I saw your expression as I keeled on the ground.
I saw nothing in it. No hint of irritation, no sympathy, nothing.
Osamu Dazai, you are a mysterious man.
I have countless questions to ask you but I will never. I will never give you closure. I will haunt your mind, even once, or if, you become a good man.
That day, I saw how you stared at the windows of the food court that you eventually pulled me to so I could sit down somewhere. I saw how you looked blankly over at the cityscape, how your eyes once again traveled down to the ground. Was that why I had felt guilt, back then? Why I, the one who had been pushed past his limits due to your negligence, felt bad for agreeing to let you come? Not irritation, not anger at your interference, not even any sense of negative emotions were harbored towards you in that moment.
In that moment, instead of the annoyance and frankly, fear that had clung to me all day in your presence, I felt pity.
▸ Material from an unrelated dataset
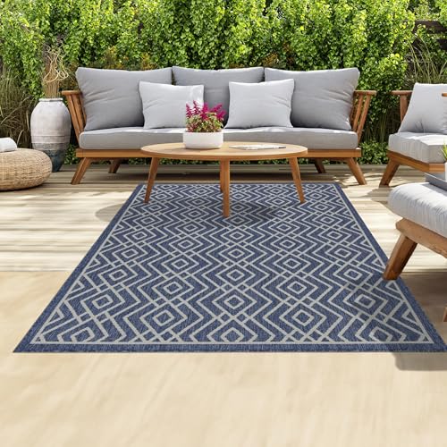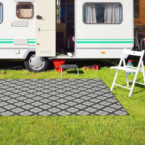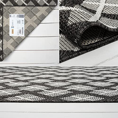 homeart Outdoor Rugs | Easy-Cleaning Indoor & Outdoor Area Rugs for Porch, Deck, Balcony, Garden, Picnic, Kitchen, Hallway | UV & Weather-Resistant Large Patio Rug Mats | Anthracite Cream 80 x 150 cm

Pity that you lived in this world.
I was an incredibly idiotic child.
It is unfair to pity you, though, for even if your past was troubled, I do not care. I do not care about you, I do not care about your life, I do not care about your ventures.
All I ask, yet again, is that you never return to the path you once walked. Do not cause the same suffering you did to me again. Be a better person. I am aware that currently, you are acting as a mentor for the Weretiger. You are doing considerably better than you did with me. While I did feel jealousy at first, I do not particularly care anymore.
I know that your demonic nature still holds deep roots in your heart, so I must reiterate, do NOT walk the path of darkness again.
For a while, I did not think I cared about anyone else, but the simple thought of your monstrous character being unleashed to the world? It, admittedly, sends chills down my spine.
So, I leave my last words to you forever.
Osamu Dazai, you are a despicable man.
Osamu Dazai, live.
Live for as long as possible.
I am in no position to advise you, frankly my words are hypocritcal. Yet I cannot help it. I speak to you not as your ex-mentee, but as a fellow human.
Do not let the hurt child inside you control your actions.
Live.
Do not give up.
Live, for some people do not have that luxury.
Goodbye, forever.
PS: You are not allowed to visit my grave, if I get one that is. The Weretiger is not either.
—Akutagawa Ryuunosuke.
-.. . .- - ....
Ryuunosuke leaned back on his desk, staring at the multiple paged letter he had just written. It contained his feelings, his true feelings. It was fairly tiring to do.
He did not often use his desk, he was rarely home to try and write something, after all. Perhaps that was why he had gotten so angry at the words of that man all those years ago. How amusing.
His gaze traveled over to his window, the drawn curtains revealing the commencing sunset. Eyes softening, he slowly got up to open the curtains even further but after one step, doubled down. Coughs racked through his body and at that moment, he felt like he would rather die than feel this a second longer. His lungs burned and every breath was absolute agony, even something as simple as attempting to get up was met with pain shooting up his body, it felt almost as if acid was coursing through his veins.
How funny would it be if his conditions worsened and he passed away before he could finish everything he wanted?
Life despised him, perhaps it would play such a trick as well.
A small tired smile graced his lips again as he looked at his hands.
Blood covered them from his previous coughs.
How hilarious.
Vaguely, he heard knocks on the door, most likely Gin who had heard his quite loud fall to the ground. Almost as if on autopilot, he assured her through the door that he was alright and, after some convincing, she left.
Haaah.
Akutagawa Ryuunosuke was a coward.
He truly wanted this month to end quickly.